The first thing to check is the voltage of the power supply. If this is a \$9\:\text{V}\$ battery that was sitting on a lab shelf, definitely check it out with a meter -- using a \$1\:\text{k}\Omega\$ resistor across its terminals while you use the meter to measure the voltage. If this is a commercial power supply, check it anyway. It doesn't hurt to verify that your voltage is what it is supposed to be.

The next thing to check is the resistor values. Make sure they are near the values you are told they should be. Again, a few moments spent here can save you lots of time, later. It's only five resistors, so it shouldn't take a lot of time.

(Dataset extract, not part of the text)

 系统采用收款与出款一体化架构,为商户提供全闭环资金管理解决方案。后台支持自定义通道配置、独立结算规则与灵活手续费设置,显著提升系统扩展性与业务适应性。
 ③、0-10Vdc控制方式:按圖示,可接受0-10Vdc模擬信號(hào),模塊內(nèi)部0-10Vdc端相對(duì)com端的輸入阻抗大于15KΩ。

It's a good idea to have checked the datasheet for the specific BJT you are using. The 2N3904 comes in a variety of packages and I wouldn't be surprised to find different pinouts even for the same TO-92 package. It's worth a moment to make sure you know where your pins are located. I won't suggest that you spend time checking out the BJT, since you will be doing that soon enough when you plug it into the circuit. But if you do have a transistor checker available, please do use it.

Finally, check your wiring two or three times over. I make mistakes. So you can make them, too. Check things over several times. Might save more time, later.

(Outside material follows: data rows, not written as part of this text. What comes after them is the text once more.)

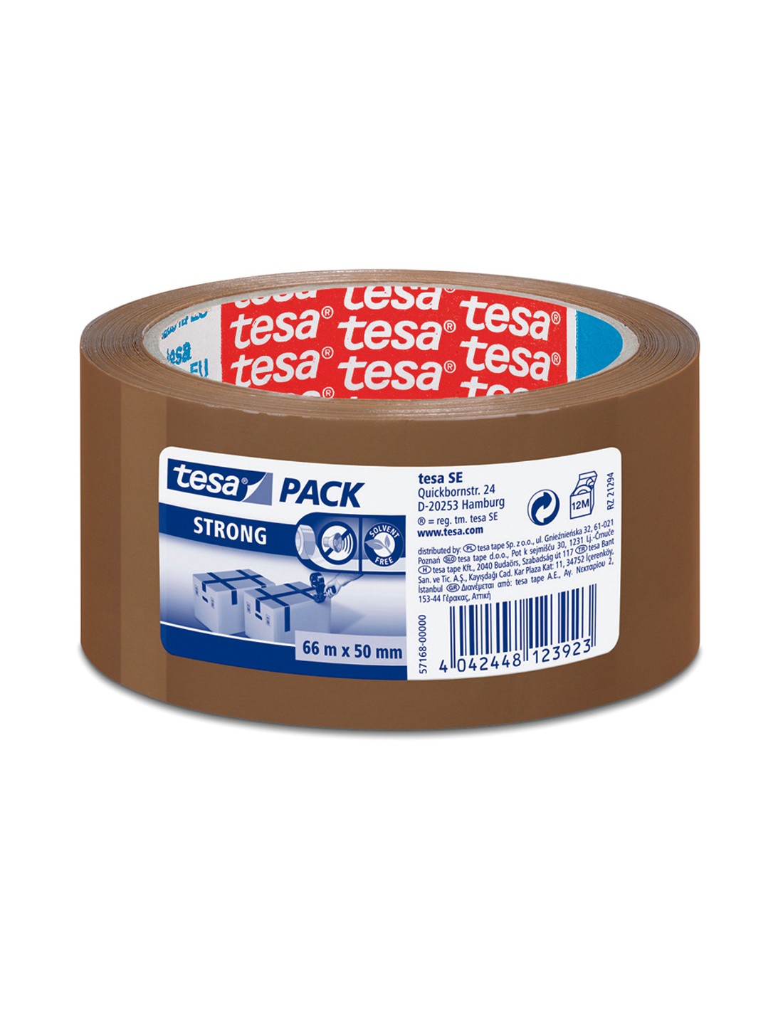 Cinta especial para embalaje. Indicada para sellar cartones, cajas y sobres de peso medio. Fuerte adhesión. Desbobinado silencioso. Adhesivo sin disolventes con alta resistencia a los rayos UV. Apta para dispensadores tesaPack®. Medidas 66 m x 50 mm. 52 micras.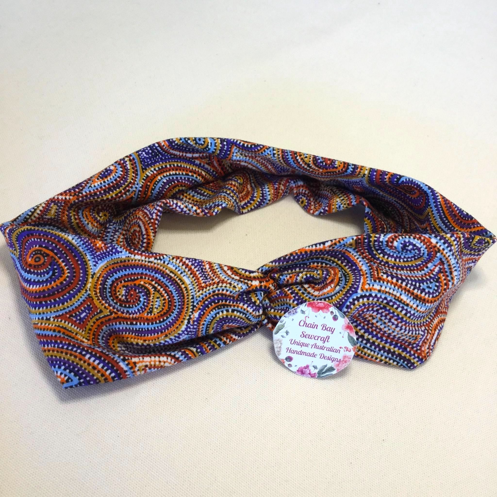 The new Chain Bay Sewcraft Handmade Twisted Headbands are made with vibrant Mina Mina fabric by Indigenous artist Pauline Napangardi Gallagher. They are ideal for yoga, sports, travelling or everyday use. The twist feature can be worn at the front or turn round for a stylish flat band
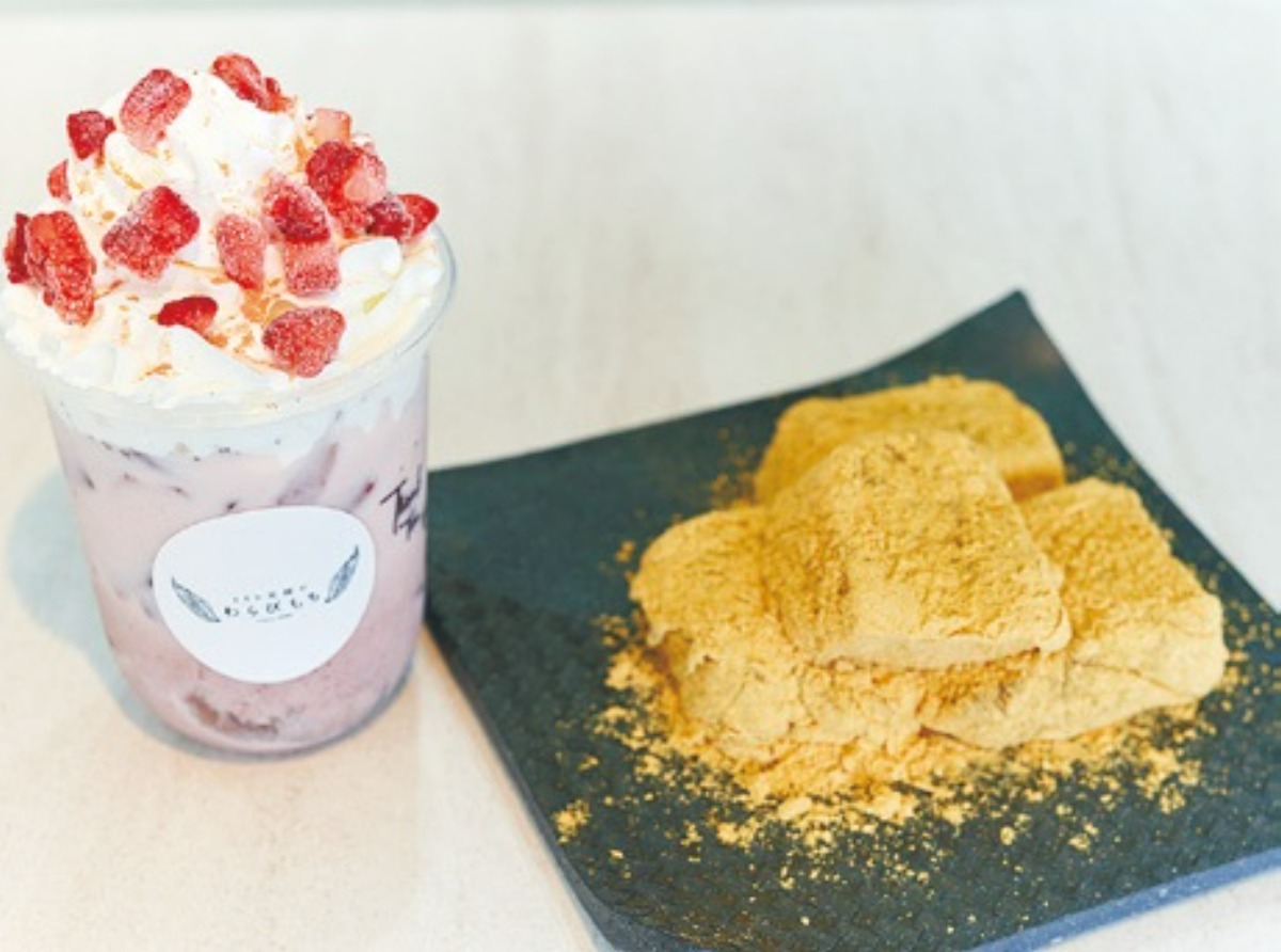 通常のわらびもちのほか、新感覚ドリンクの「飲むわらびもち」もイチオシ。いちごやマンゴーなどの季節限定メニューも要チェックです!
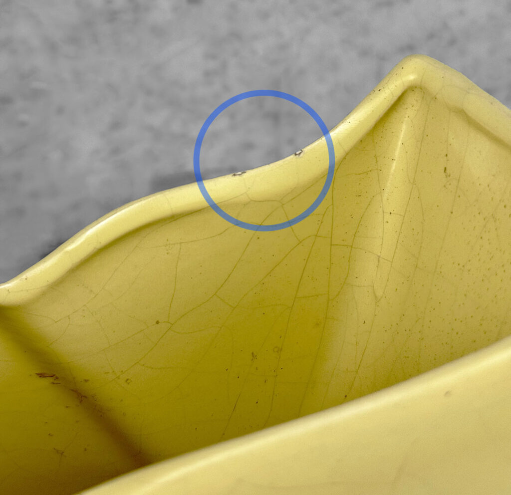This Vase is in overall good condition and looks nice while displayed. A series of fleabites can be seen along the upper rim. We’ve circled these areas in our photo gallery to reference. Crazing to the glaze is shown throughout.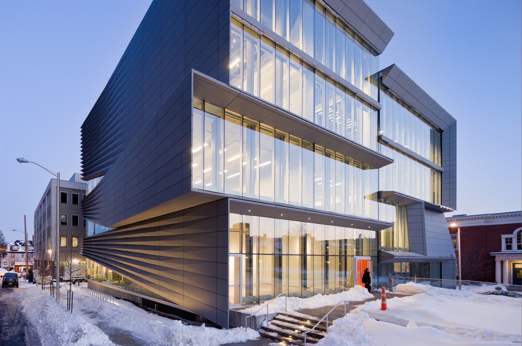 Break-out spaces named “Living rooms” cantilevered into atrium space and located off of a connecting stairway and furnished with comfortable furniture and equipped for presentation. A building-wide audio-visual network with a central “brain” that supports the simultaneous capture and projection of AV information from space to space. Multi-use lobby/event space. Two elevators – one dedicated to the Granoff Center and the other to the adjacent Brown Office Building (BOB) loading dock. An underground connection to the adjacent Brown Office Building. Full height glazing facing The Campus Walk, a series of linked green spaces that provide a central pedestrian connector between Brown’s historic campus and the Pembroke campus. An outdoor amphitheater situated with the view into the Recital hall and wired for sound and video and with motorized outdoor projection screen, allowing outdoor performances, film screenings, summer movies, and installations and integrated with the building data and audio-visual network for simultaneous projection and view into the auditorium. Zinc metal exterior rain screen folded around windows for the view from Angell and Olive streets. Public gallery program and temporary exhibitions. Art walls at Angell Street entry.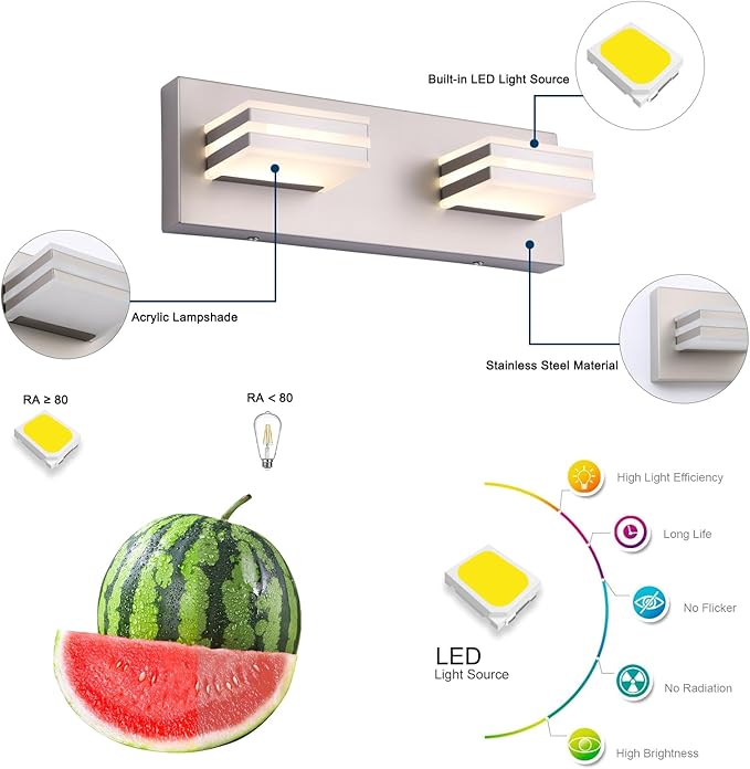 - 3-color adjustable: Our brushed nickel bathroom lighting fixtures can provide 3 color temperatures according to your actual needs. You can change the light color once by pressing the wall switch, and freely choose soft white light/neutral light/warm light to meet your mood.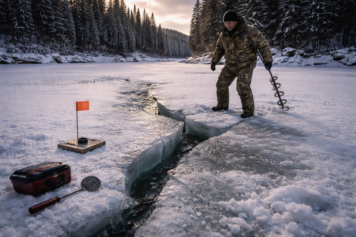 Зимой таёжная река выглядит спокойной. Сверху — белая равнина льда и снега. Но под этим спокойствием всегда идёт вода. Быстрая, тяжёлая, холодная. И иногда она напоминает о себе в самый неподходящий момент. Я жил тогда в небольшой избушке на притоке большой северной реки. Место глухое — вокруг сопки, ельник и длинные километры тайги. Зимой туда никто не приходит, кроме редких охотников. Основной моей добычей в ту зиму была рыба. На этой реке хорошо ловился налим — особенно в морозы. Лучший способ — ставить жерлицы на глубоком плёсе у поворота. Туда я и шёл тем утром. Мороз стоял крепкий, под тридцать. Снег скрипел под валенками. С неба светило бледное зимнее солнце. Плёс находился примерно в километре от избушки. Место я знал давно. Лёд там обычно толстый — больше полуметра. Я начал ставить жерлицы. Просверлил первую лунку, опустил снасть, поставил флажок. Потом вторую. Потом третью. Всё шло спокойно. Но когда я пошёл ставить четвёртую, под ногами вдруг раздался звук. Глухой треск. Не

I won't explain, but I'll do a few quick calculations for you. These will be added here so that you can check this out with a voltmeter before running your tests.

Assuming that the BJT isn't saturated, the base current should be:

$$I_\text{B}=\frac{V_\text{TH}-V_\text{BE}}{R_\text{TH}+\left(\beta+1\right)\:R_\text{E}}$$

Here, \$R_\text{E}=200\:\Omega+2.2\:\text{k}\Omega=2.4\:\text{k}\Omega\$, \$R_\text{TH}=\frac{R_1\:R_2}{R_1+R_2}\$ and \$V_\text{TH}=9\:\text{V}\frac{R_2}{R_1+R_2}\$. The value for \$V_\text{BE}\$ will vary a little, but I can already tell that it's closer to \$600\:\text{mV}\$ than to \$700\:\text{mV}\$. So I'll just pick something just under the middle of that. This gives me about \$800\:\text{nA}\$ for the base current (using a random guess for \$\beta\approx 260\$.) And therefore a collector current of only about \$210\:\mu\text{A}\$. About a \$2.1\:\text{V}\$ drop across the collector resistor.

So the next thing you do is do NOT put a signal up to your circuit. Just leave it open for now. Apply power and measure the output voltage. It should be in the area of about \$6.5\:\text{V}\$ to \$7.3\:\text{V}\$. Hopefully nearer the middle of that area. If the voltage is outside that range, stop everything and go measure the base voltage. This should be:

$$V_\text{B}=V_\text{TH} - I_\text{B}\cdot R_\text{TH}$$

In this case, that works out to about \$1.1\:\text{V}\$ to \$1.2\:\text{V}\$. If the base voltage also is too far outside that range (a few tenths of a volt above or below it), then just stop. Something is wired wrong. Get help and/or check things out.

These are basic checks.

If these things seem okay, then there is a good chance you have it wired correctly. Go back and verify the voltage source, just in case. Make sure it's still \$9\:\text{V}\$.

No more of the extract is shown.